Repeat verbatim, and only, the lines of the data below, beginning at the line that contains "Brit milah 1980" and stopping after the line that contains "Photograph of architect".

**Extracted entries**
╔══
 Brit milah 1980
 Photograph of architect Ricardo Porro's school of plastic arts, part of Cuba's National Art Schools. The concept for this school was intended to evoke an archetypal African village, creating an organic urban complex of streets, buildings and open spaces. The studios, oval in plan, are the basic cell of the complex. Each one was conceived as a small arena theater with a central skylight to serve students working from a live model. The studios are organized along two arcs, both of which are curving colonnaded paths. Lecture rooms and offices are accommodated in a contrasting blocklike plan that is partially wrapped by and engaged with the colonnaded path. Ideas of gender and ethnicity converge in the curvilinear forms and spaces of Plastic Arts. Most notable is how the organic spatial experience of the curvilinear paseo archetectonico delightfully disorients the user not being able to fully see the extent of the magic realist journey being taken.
╚══
╔══
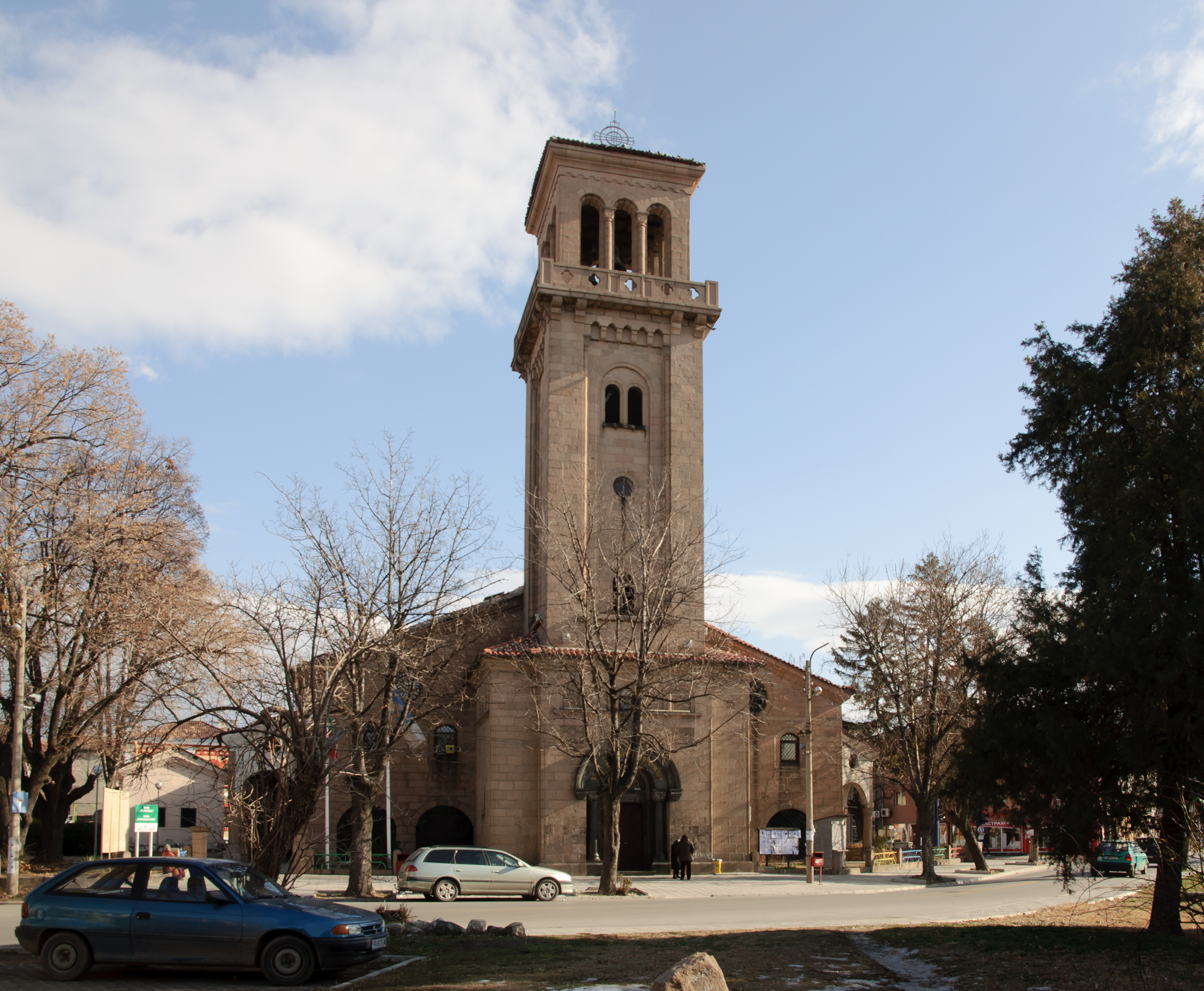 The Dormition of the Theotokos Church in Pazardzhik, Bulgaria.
╚══
**Exercise output**
 Brit milah 1980
 Photograph of architect Ricardo Porro's school of plastic arts, part of Cuba's National Art Schools. The concept for this school was intended to evoke an archetypal African village, creating an organic urban complex of streets, buildings and open spaces. The studios, oval in plan, are the basic cell of the complex. Each one was conceived as a small arena theater with a central skylight to serve students working from a live model. The studios are organized along two arcs, both of which are curving colonnaded paths. Lecture rooms and offices are accommodated in a contrasting blocklike plan that is partially wrapped by and engaged with the colonnaded path. Ideas of gender and ethnicity converge in the curvilinear forms and spaces of Plastic Arts. Most notable is how the organic spatial experience of the curvilinear paseo archetectonico delightfully disorients the user not being able to fully see the extent of the magic realist journey being taken.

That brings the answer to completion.